In either relationship, a participant typically pays investment management fees related to using the managed accounts option, which are based on a plan-level contracted fee schedule. The total fee in the aforementioned fee schedule includes services provided by the managed accounts provider and the recordkeeper (note that these fees are in addition to any underlying fund expense ratios). We break these services down into two categories:
1. Investment management and advice services – from the managed accounts provider to design and possibly execute the participant’s asset allocation and investment selection, as well as provide suggestions for the deferral savings rate that could be optimal, and
2. Administrative services - from the recordkeeper to make the managed accounts services available to participants and process the related transactions.
In addition, the managed accounts provider may “share” some of its fees with the plan recordkeeper. This relationship is very much like the DC revenue model that has been falling out of favor with many market participants in recent years. In the DC revenue model, a plan offers a designated investment alternative which provides “revenue sharing” included in that fund’s expense ratio to the plan’s recordkeeper, ostensibly to offset certain communications and fund information expenses incurred by the recordkeeper. The potential existence of this type of fee sharing arrangement becomes more apparent when recordkeepers discount the explicit plan recordkeeping/administration fee if managed accounts are offered. Our interest as a consulting firm is to ensure that all revenue shared with the recordkeeper is disclosed to plan fiduciaries so that they are fully aware of the total revenue that the recordkeeper is receiving. In any event, we believe that plan fiduciaries need to ask plan recordkeepers to address any otherwise undisclosed amount of revenue the recordkeeper receives from the managed accounts provider.
Call to Action
It is a prohibited transaction under ERISA and the U.S. Internal Revenue Code for plan fiduciaries to continue to do business with a CSP if that CSP is delinquent in providing the required disclosure or provides incomplete information. Penalties for both parties can include a 15% excise tax on the amount involved (typically, the annual fees under the contract). We believe that managed accounts providers are CSPs under ERISA. As such, these CSPs need to be more proactive in disclosing direct or indirect compensation received from DC plan assets as well as shared revenue between managed accounts providers and recordkeepers.

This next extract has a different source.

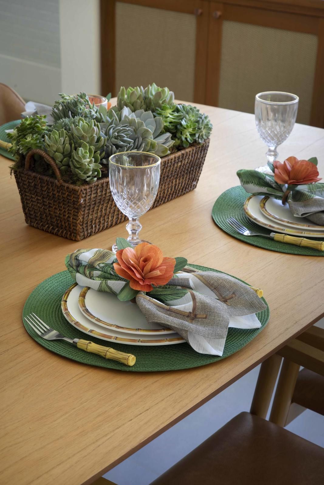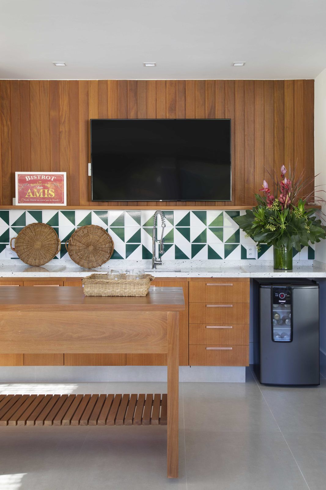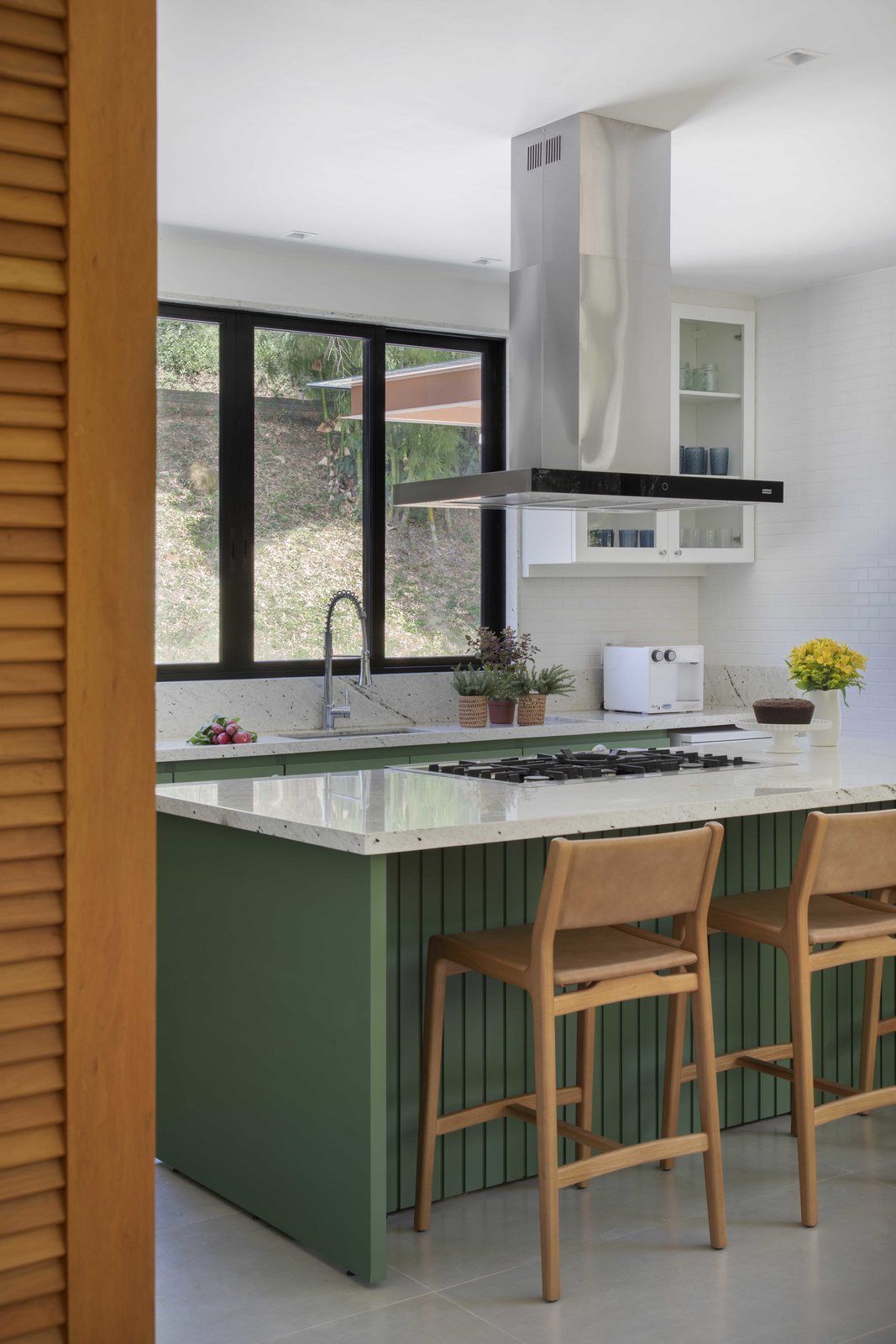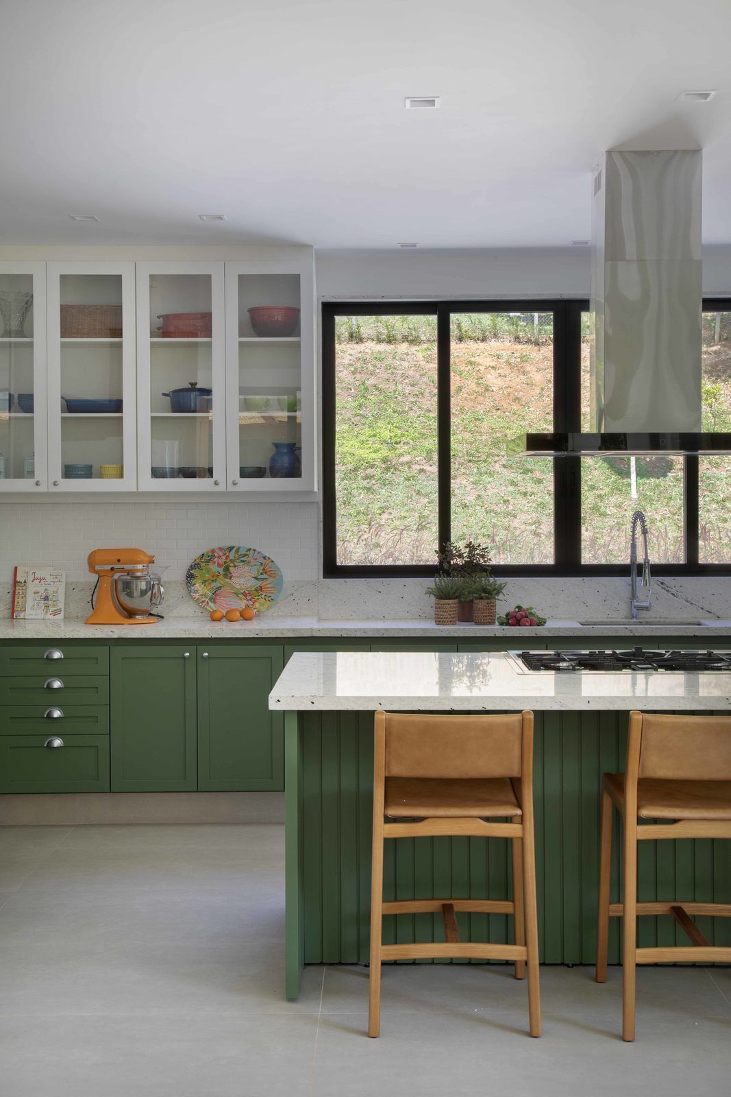 “Optamos por tons suaves e naturais, com elementos em madeira na sala e na varanda gourmet, e toques de verde na cozinha, que ganhou armários laqueados nessa cor. A casa inteira tem o mesmo piso, um porcelanato cinza-claro, em prol da praticidade e facilidade de manutenção.”

We are still on a path for achieving consistent fee sharing disclosure industry-wide. The improvements that we have seen have been driven by working with our clients to competitively rebid their managed accounts services, when possible, and by asking for more detailed CSP disclosures. Over the past year, we have observed a decrease in fees for managed accounts service offerings, and we believe this trend will continue. Meanwhile, plan fiduciaries have the right under the ERISA 408(b)(2) regulation to receive clear documentation addressing any split in direct and/or indirect compensation each CSP receives when a plan offers managed accounts to participants. The call to action centers on the fiduciary duty to evaluate the reasonableness of fees and identify potential conflicts of interest.